AI was a great help in understanding this complexity. My method was iterative: I generated LLVM IR code (version 18) from C++ code to inspect and understand each line. I combined Doxygen’s technical documentation with questions posed to the AI to master everything. To maintain this pace, I managed my fatigue with caffeine (a maximum of three times a week to avoid upregulation), accepting the impact on my mental health to achieve my goals. I was completely absorbed by the project.
7. Data-Oriented Design (Work by Félix-Olivier Dumas)
Félix-Olivier Dumas joined the Prysma team to restructure the project’s algorithmic foundation. He implemented a Data-Oriented Design (DOD) architecture for managing the AST, which is more efficient.
In its system (currently being finalized), a node is a simple integer (node_id_t). Data (name, type) is stored in Sparse Sets as flat arrays. The goal is to maximize the L1/L2 cache: by traversing aligned arrays, the CPU can preload data and avoid cache misses.

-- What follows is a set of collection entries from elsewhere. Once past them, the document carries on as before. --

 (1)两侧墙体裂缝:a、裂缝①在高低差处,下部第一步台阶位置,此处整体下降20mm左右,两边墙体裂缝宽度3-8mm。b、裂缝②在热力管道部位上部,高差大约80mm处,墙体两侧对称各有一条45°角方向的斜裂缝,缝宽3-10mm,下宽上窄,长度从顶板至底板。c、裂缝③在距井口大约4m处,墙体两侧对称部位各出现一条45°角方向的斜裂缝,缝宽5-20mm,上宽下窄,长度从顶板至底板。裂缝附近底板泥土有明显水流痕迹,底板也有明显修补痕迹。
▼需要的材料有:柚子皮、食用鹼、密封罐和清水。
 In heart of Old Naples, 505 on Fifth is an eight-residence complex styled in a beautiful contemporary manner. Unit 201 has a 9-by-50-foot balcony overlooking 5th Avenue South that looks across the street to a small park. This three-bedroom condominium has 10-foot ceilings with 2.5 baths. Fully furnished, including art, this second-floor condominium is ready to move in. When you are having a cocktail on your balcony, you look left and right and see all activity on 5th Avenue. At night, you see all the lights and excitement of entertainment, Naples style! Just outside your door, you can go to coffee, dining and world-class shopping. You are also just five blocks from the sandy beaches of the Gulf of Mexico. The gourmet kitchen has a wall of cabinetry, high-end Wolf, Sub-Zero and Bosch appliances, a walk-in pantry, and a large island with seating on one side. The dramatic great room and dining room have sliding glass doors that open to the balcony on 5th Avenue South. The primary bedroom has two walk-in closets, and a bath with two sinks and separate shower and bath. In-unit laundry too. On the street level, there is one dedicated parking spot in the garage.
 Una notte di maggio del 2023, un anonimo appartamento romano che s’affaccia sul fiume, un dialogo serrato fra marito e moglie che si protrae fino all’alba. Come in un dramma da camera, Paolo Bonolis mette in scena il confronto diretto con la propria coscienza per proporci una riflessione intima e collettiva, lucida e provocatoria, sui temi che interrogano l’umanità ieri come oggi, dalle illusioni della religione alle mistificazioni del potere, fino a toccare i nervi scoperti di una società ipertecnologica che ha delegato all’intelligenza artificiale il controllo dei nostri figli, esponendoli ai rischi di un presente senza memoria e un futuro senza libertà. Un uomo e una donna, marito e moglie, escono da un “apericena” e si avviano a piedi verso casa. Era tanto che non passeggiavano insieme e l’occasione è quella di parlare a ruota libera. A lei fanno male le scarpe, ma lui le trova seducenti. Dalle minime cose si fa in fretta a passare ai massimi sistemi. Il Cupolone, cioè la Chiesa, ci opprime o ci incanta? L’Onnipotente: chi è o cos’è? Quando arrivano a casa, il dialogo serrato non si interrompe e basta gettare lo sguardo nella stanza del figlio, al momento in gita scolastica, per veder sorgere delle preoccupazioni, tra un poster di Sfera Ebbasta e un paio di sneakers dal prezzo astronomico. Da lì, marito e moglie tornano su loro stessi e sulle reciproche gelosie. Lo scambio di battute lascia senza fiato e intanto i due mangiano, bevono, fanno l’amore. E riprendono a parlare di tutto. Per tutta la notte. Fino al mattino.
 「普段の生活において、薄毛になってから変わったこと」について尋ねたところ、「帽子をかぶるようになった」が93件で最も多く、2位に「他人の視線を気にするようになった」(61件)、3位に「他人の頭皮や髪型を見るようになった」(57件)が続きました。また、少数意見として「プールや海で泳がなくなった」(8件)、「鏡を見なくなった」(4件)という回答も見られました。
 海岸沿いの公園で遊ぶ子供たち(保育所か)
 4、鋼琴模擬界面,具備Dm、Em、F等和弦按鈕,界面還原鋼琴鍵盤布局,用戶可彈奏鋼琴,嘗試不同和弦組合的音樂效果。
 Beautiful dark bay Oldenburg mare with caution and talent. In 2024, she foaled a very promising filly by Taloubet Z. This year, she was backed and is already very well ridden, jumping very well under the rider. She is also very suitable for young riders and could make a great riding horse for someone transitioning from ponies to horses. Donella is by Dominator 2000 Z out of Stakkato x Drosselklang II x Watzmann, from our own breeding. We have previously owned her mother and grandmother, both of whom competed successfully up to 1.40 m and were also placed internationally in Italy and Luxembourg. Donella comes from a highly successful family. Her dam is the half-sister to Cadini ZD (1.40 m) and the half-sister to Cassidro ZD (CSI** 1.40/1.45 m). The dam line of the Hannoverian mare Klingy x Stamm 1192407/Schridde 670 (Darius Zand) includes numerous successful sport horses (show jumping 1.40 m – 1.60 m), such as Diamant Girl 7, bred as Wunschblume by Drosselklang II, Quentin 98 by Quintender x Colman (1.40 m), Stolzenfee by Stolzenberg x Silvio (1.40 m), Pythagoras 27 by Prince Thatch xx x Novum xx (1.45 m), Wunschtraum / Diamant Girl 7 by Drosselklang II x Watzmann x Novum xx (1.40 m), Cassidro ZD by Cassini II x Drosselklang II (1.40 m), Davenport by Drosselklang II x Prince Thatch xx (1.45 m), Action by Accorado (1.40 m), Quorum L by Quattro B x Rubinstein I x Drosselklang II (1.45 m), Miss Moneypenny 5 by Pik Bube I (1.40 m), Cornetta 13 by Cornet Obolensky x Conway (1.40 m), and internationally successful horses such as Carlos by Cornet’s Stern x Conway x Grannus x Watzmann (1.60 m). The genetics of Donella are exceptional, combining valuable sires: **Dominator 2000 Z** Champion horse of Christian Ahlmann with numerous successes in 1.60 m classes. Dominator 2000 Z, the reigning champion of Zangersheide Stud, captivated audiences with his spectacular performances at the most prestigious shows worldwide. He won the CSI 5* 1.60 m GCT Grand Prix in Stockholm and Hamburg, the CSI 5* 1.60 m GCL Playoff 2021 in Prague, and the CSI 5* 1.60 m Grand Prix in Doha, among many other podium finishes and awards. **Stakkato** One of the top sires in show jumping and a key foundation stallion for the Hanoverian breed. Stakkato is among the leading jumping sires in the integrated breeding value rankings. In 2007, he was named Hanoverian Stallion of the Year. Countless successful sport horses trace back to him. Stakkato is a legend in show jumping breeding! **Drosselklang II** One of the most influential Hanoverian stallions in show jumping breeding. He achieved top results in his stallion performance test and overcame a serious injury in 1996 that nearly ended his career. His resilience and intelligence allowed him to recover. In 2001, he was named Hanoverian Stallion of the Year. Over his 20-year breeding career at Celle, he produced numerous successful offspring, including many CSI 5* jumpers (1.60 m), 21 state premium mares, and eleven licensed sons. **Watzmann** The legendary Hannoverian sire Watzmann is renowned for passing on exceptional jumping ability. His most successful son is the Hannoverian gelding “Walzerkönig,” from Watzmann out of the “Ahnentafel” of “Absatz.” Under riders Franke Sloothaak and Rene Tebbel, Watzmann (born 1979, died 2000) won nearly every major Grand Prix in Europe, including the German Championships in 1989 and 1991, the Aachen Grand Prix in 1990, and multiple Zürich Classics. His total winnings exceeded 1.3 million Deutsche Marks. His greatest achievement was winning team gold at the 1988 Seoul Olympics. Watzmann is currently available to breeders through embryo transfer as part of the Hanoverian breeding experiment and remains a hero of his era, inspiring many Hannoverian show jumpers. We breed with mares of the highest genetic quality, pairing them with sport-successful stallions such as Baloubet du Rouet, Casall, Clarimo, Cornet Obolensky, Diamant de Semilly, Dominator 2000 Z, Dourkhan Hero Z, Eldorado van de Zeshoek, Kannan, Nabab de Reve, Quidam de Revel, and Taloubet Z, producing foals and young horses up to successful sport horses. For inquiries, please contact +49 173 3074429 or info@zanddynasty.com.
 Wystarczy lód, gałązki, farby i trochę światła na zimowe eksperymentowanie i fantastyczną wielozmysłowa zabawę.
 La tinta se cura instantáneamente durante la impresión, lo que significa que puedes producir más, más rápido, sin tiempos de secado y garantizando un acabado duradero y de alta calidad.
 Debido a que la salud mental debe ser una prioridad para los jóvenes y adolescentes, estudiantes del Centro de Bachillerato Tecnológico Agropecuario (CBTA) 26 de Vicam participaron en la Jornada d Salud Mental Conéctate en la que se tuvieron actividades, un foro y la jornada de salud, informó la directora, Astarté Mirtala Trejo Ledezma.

It also uses Tag Dispatching in C++ to link components at no runtime cost (zero-cost abstraction), without v-tables or switch statements.
8. Current State of the Language
Prysma is currently a functional language with stable capabilities:
Syntax: Primitive types (int32, float, bool), full arithmetic, and operator precedence.
Structures: If-else conditions and while loops.
Functions: Recursion support and passing arguments by value.
Memory & OOP: Native arrays, classes, inheritance, and heap allocation.
Tools: Error diagnostics (row/column), Graphviz export of the AST, and a VS Code extension for syntax highlighting.
9. Roadmap and Future Vision
The project is evolving, and here are the planned objectives:
Short term (v1.1): Development of the Standard Library (lists, stacks, queues) and an import system for linking C libraries.
Medium term (v1.2): Support for Generics (templates), addition of Namespaces, and stricter semantic analysis for type checking.
Long term: Just-In-Time (JIT) compilation, integration of the inline assembler (asm {}), and custom SSA optimization passes.
The project is open source, and anyone interested in LLVM or Data-Oriented Design can contribute to the project on GitHub. The code is the only judge.